于是对战的宇智波又打开写轮眼,如此循环往复,直到迪达拉因为体力不支倒下,在倒下前他还会态度强硬地表示自己不需要宇智波的帮助。
只不过这话宇智波没听进去,倒也不是多关心迪达拉,而是任由他躺在那里,到时候肯定又是你把他给抱回去的,他们可不希望给迪达拉制造与你接触的机会,所以就不由分说地扛着迪达拉回到客厅。
宁次早就对迪达拉每次挑战宇智波都以一身伤作为收场感到习惯,你从背包里拿出医药箱,正要给迪达拉包扎伤口,但是被他拒绝了,他说:“我可以自己来的,哼,这只是一些小伤口而已,一点也不痛。”
话语间止水的动作比他话音先一步落下,止水拿起医药箱里的酒精棉球力道不算轻地按在迪达拉的伤口上,他仍然是笑眯眯地,说:“看来应该真的不疼吧?”
差点龇牙咧嘴的迪达拉在止水的注视下愣是没吭声,青蓝色的眼睛直视止水的眼睛,他说:“是啊,真的不疼。”
鼬见状,也很热心肠地帮迪达拉消毒伤口,你看这样子似乎不需要你的帮忙了,于是就撤离现场,而可怜的迪达拉也被那两个宇智波包围。
可恶、可恶!迪达拉在心里嘟哝了好几声。
最后伤口处理完毕,鼬把用过的棉球丢进垃圾桶里,迪达拉问道:“你们木叶的宇智波都像你们那么厉害吗?”
鼬和止水对视一眼,他们两个放在宇智波一族里都是数一数二天才的人不约而同地笑着说:“差不多吧。”
这让迪达拉陷入沉思,看来木叶的忍者不容小觑,他说:“那像你们这么厉害的宇智波还有几个?”
听他说话的语气就好像在计划着以后找木叶的宇智波单挑,止水说:“嗯……这个嘛,不好说,我数一数,一个两个四个五个,嗯……”
啊、啊?居然有那么多吗?迪达拉傻眼了,如果真的有那么多的话……他一个人很可能都对付不过来啊,想到这里,他的表情都变得凝重了一些,果然还是现在的他太弱了吗?是他不够强……
止水又无奈地戳了戳他的脑袋,“你都在想什么呢?”
“哼——我以后一定会打败你们的!”迪达拉放下狠话,但他现在这脸上贴着创口贴的样子实在是没什么说服力,止水漫不经心地说:“是么,那在此之前你还是先打败鼬的弟弟再说吧。”

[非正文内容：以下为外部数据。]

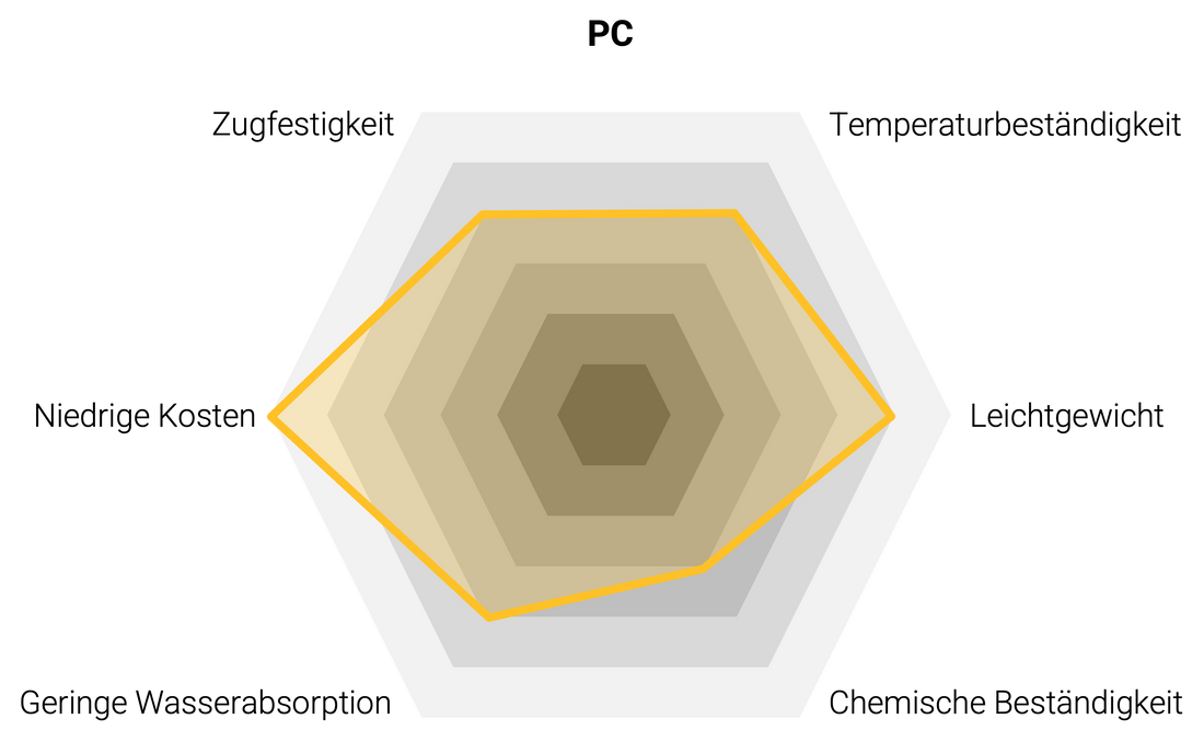 PC MaterialEin robuster, nichtkristalliner Thermoplast, der für seine hervorragende Schlagfestigkeit, Transparenz und Dimensionsstabilität bekannt ist. Er bietet außerdem gute Flammhemmung und Wetterbeständigkeit, was ihn ideal für Anwendungen in der Optik, Elektronik und für Automobilteile macht. PC wird häufig in Linsen, elektrischen Komponenten und medizinischen Geräten verwendet.

“啊?你还有个弟弟吗?”什么——像他这样讨厌的家伙居然还有第二个?迪达拉的脑海里瞬间浮现出另外一张和宇智波鼬长得很像的脸庞,他都没控制好自己的表情。
那表情成功地让止水笑出声,他说:“哈哈哈,你那是什么表情?鼬快看啊,他刚才好像在龇牙咧嘴欸。”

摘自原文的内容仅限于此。